(Dataset excerpt)
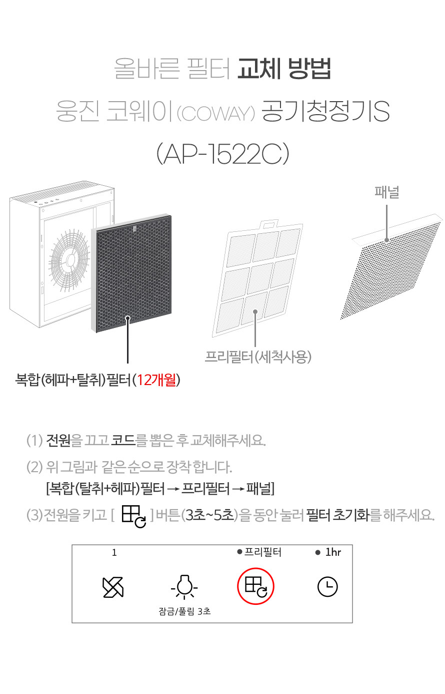 [메이저필터] 국내생산 웅진 코웨이 공기청정기 호환필터 AP-1522C
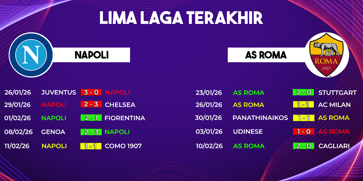 Stadion Diego Armando Maradona akan menjadi arena pertempuran sengit saat Napoli menjamu AS Roma pada Senin dini hari, 16 Februari 2026. Laga Napoli vs AS Roma di pekan ke-25 Serie A musim 2025/2026 ini membawa kepentingan besar bagi kedua tim; Napoli berusaha menjaga asa meraih Scudetto, sementara AS Roma berjuang keras untuk mengamankan posisi di zona Liga Champions.
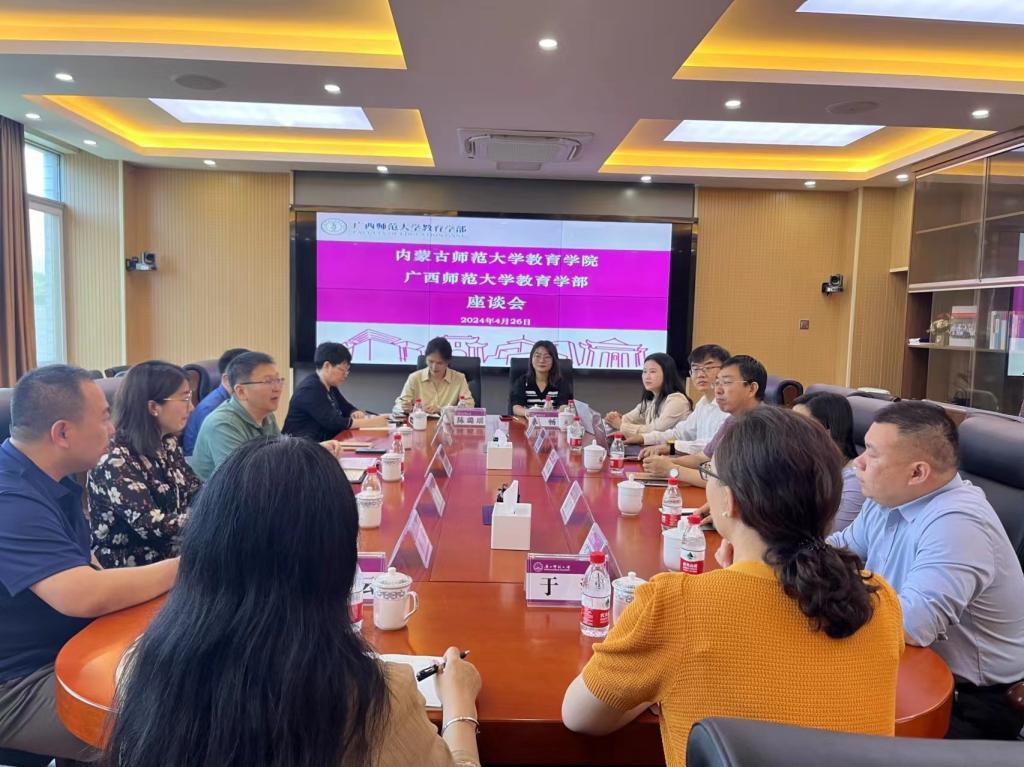 座谈中,李广海教授表达了对m88登录入口官网一行的热烈欢迎,王军利老师针对广西师范大学教育学部的科系设置、学科建设、人才培养以及课程建设等方面做了详细介绍。公司副书记、副院长斯琴满都呼介绍了m88登录入口官网教育学、小学教育和学前教育专业发展的基本情况,教育系主任阿木古楞、小学教育系副主任马红斐、学前教育系主任周娟等老师针对各专业人才培养方案修订、师范专业认证经验以及学科专业未来发展与广西师范大学同仁展开了深入探讨与交流。
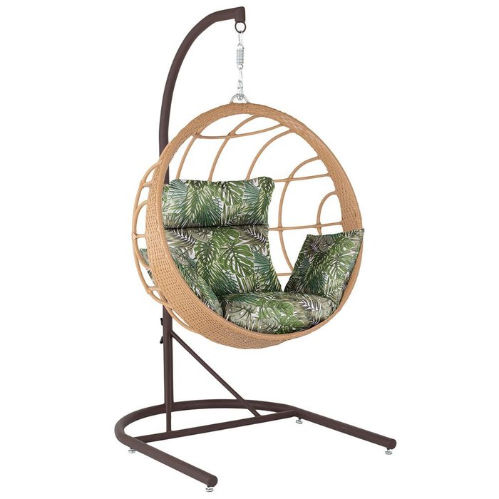 Balanço Suspenso Ninho Em Aluminie Fibra Ráfia e Suporte de Balanço U Marrom, Tecido Impermeá

(Task requirements)
Starting with the line that contains "座谈中,李广海教授表达了对m", reproduce every line down to the end of the listing above, both endpoints included. Pictures stay out.

(Exercise response)
 座谈中,李广海教授表达了对m88登录入口官网一行的热烈欢迎,王军利老师针对广西师范大学教育学部的科系设置、学科建设、人才培养以及课程建设等方面做了详细介绍。公司副书记、副院长斯琴满都呼介绍了m88登录入口官网教育学、小学教育和学前教育专业发展的基本情况,教育系主任阿木古楞、小学教育系副主任马红斐、学前教育系主任周娟等老师针对各专业人才培养方案修订、师范专业认证经验以及学科专业未来发展与广西师范大学同仁展开了深入探讨与交流。
 Balanço Suspenso Ninho Em Aluminie Fibra Ráfia e Suporte de Balanço U Marrom, Tecido Impermeá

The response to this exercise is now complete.